Préparation : 15 minutes

Cuisson : 20 minutes

400 g de rigatoni Garofalo

4 saucisses maison à la marjolaine

ou à défaut, chez le charcutier, aux herbes

1 boite de tomates pelées San Marzano

1 branche de tomates cerise

1 tête d’ail frais

6 petits artichauts poivrade

80 g de parmesan

1 filet d’huile d’olive

40 g de gros sel

Sel fin et poivre du moulin

Faites chauffer 4 litres d’eau dans une grande casserole, ajoutez le gros sel. Coupez la pointe des artichauts et taillez-les en quatre. Conservez-les dans une eau citronnée ou vinaigrée. Faites-les blanchir 3 minutes dans de l’eau bouillante. Plongez les pâtes dans 4 litres d’eau bouillante salée avec le gros sel et laissez cuire 14 minutes.

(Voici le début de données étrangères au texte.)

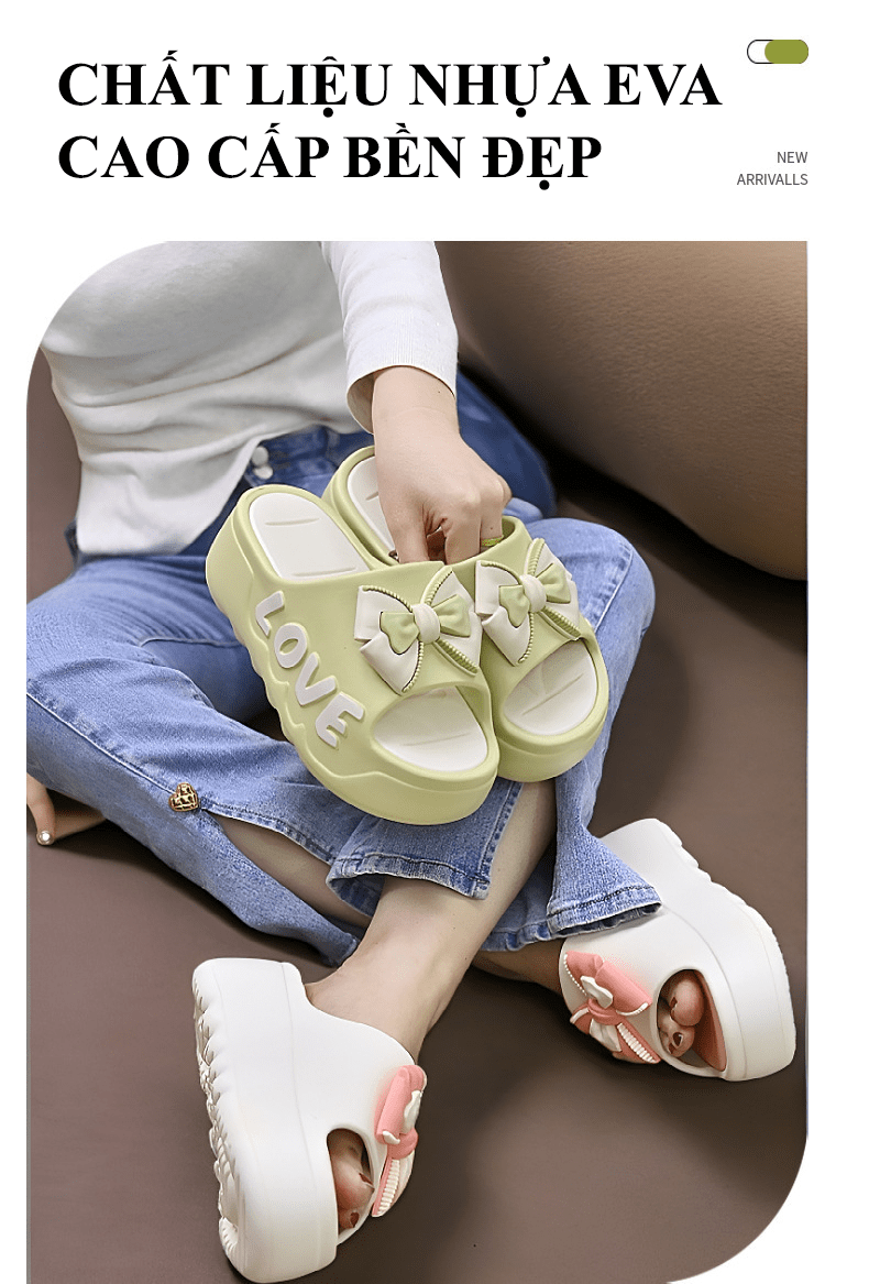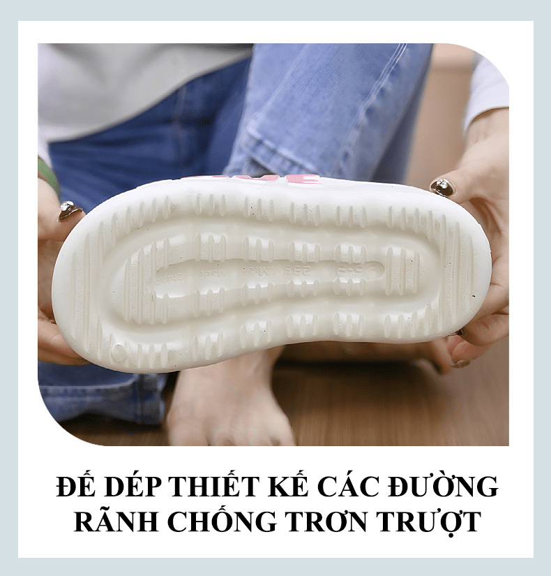 - Chất liệu nhựa EVA cao cấp (nhẹ, mềm dẻo, chống trơn tốt và êm chân).

Dans une grande sauteuse, avec l’huile d’olive, faites colorer la tête d’ail coupée en deux horizontalement. Ajoutez les saucisses. Quand elles sont bien colorées, retirez-les de la casserole et coupez-les en tronçons. Incorporez les tomates pelées dans la casserole, assaisonnez et laissez mijoter 15 minutes avant de remettre les saucisses. Egouttez les rigatoni et incorporez-les dans la sauteuse avec une demi-louche d’eau de cuisson. Laissez cuire une minute sur feu vif en remuant sans cesse. Parsemez de copeaux de parmesan, déposez la branche de tomates cerise poêlée 1 minuteet dégustez aussitôt.